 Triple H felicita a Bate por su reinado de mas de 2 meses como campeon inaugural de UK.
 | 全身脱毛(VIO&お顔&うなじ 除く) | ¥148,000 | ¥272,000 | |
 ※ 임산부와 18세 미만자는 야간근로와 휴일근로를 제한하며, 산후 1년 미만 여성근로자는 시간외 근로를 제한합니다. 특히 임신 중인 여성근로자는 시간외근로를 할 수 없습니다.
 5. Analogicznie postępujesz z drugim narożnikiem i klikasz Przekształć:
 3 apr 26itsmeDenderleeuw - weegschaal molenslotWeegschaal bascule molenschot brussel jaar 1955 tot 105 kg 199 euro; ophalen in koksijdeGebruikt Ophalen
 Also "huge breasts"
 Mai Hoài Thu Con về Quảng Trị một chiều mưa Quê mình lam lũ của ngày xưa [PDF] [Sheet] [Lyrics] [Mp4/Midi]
----
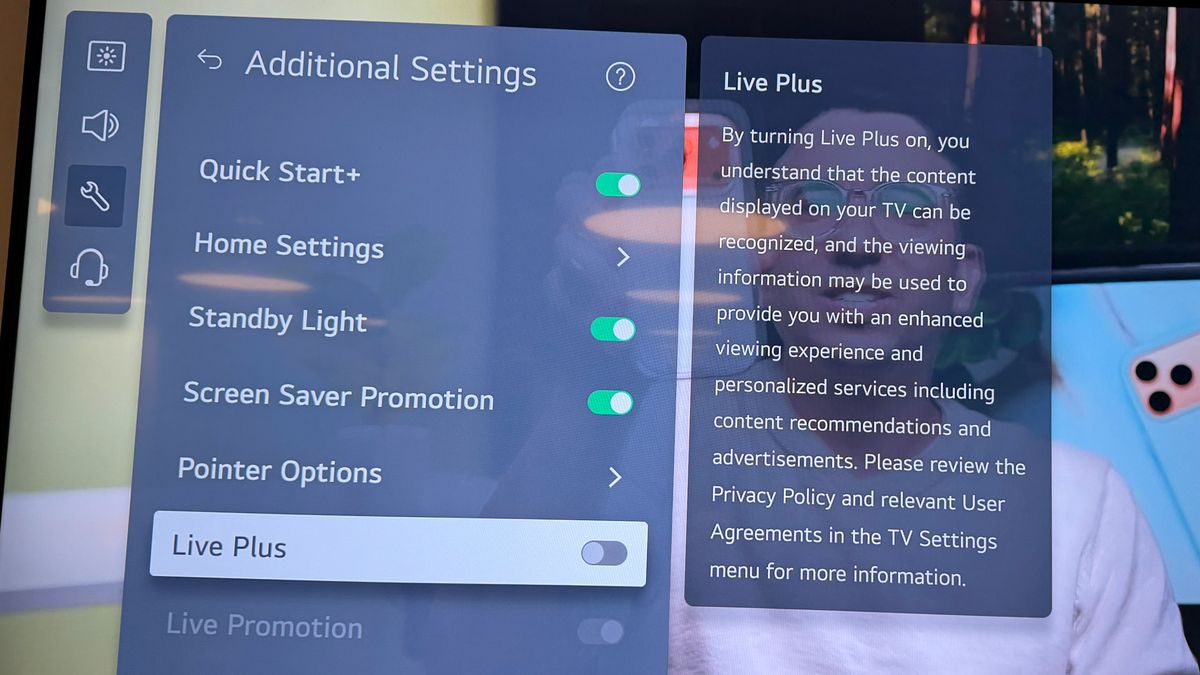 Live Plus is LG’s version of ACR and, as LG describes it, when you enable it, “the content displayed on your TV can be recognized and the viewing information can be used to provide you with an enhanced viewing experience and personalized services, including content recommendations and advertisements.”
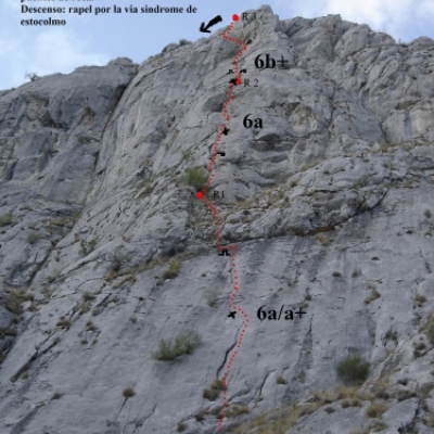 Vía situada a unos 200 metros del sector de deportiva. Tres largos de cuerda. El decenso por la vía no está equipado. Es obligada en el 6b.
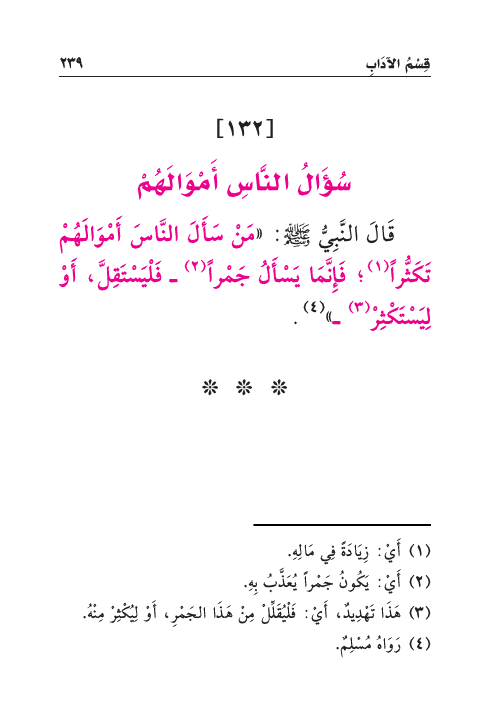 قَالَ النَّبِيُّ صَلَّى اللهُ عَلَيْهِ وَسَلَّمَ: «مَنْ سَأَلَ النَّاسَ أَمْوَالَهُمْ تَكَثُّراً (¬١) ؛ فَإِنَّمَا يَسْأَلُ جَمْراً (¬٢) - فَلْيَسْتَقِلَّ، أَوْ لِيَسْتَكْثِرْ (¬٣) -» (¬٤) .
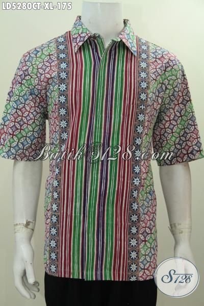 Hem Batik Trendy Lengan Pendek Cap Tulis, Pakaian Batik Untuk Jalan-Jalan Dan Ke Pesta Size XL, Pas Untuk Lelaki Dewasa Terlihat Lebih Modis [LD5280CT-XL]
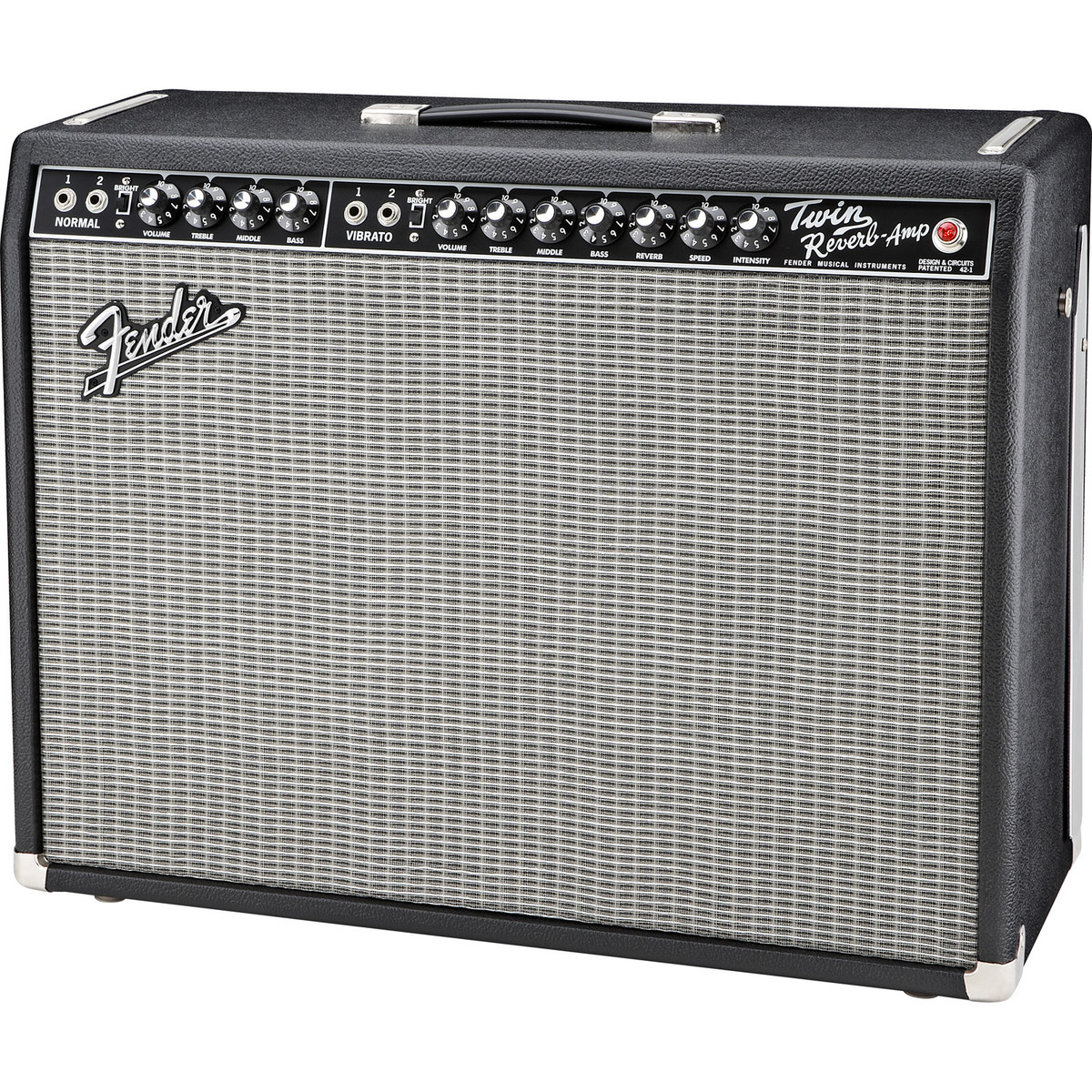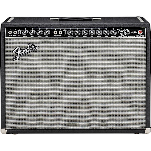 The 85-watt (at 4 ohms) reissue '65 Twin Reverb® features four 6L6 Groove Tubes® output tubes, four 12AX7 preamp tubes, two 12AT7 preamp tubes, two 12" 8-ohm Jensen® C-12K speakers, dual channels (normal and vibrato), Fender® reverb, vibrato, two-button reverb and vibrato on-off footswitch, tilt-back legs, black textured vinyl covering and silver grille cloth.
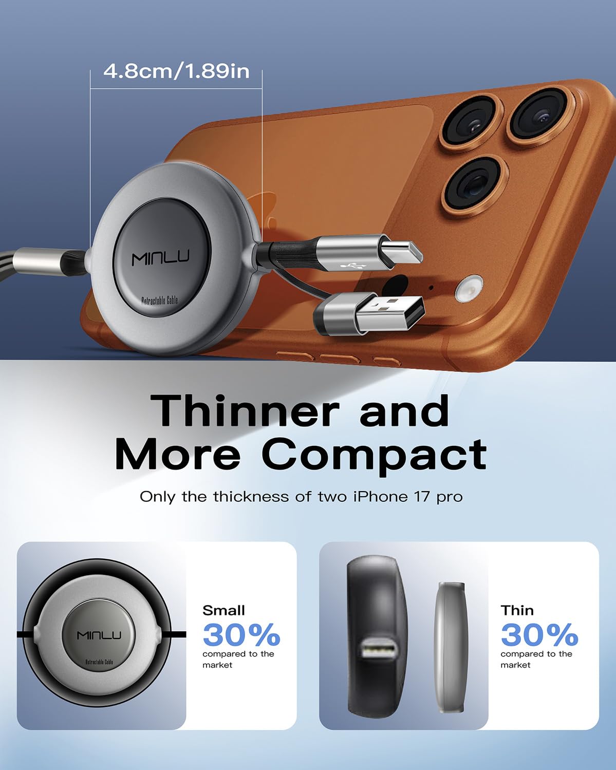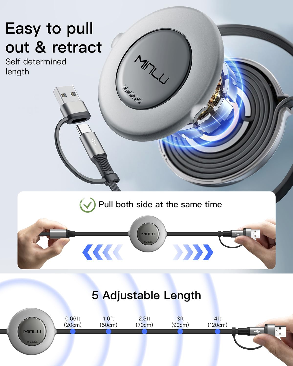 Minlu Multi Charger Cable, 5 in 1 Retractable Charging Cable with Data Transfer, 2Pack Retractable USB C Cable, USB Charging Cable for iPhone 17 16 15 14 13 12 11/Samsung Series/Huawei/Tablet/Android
----
Work task: In the listing above, the lines from the one containing "Triple H felicita" through the one containing "Mai Hoài Thu" must be set down exactly, with no other lines.

Result of the exercise:
 Triple H felicita a Bate por su reinado de mas de 2 meses como campeon inaugural de UK.
 | 全身脱毛(VIO&お顔&うなじ 除く) | ¥148,000 | ¥272,000 | |
 ※ 임산부와 18세 미만자는 야간근로와 휴일근로를 제한하며, 산후 1년 미만 여성근로자는 시간외 근로를 제한합니다. 특히 임신 중인 여성근로자는 시간외근로를 할 수 없습니다.
 5. Analogicznie postępujesz z drugim narożnikiem i klikasz Przekształć:
 3 apr 26itsmeDenderleeuw - weegschaal molenslotWeegschaal bascule molenschot brussel jaar 1955 tot 105 kg 199 euro; ophalen in koksijdeGebruikt Ophalen
 Also "huge breasts"
 Mai Hoài Thu Con về Quảng Trị một chiều mưa Quê mình lam lũ của ngày xưa [PDF] [Sheet] [Lyrics] [Mp4/Midi]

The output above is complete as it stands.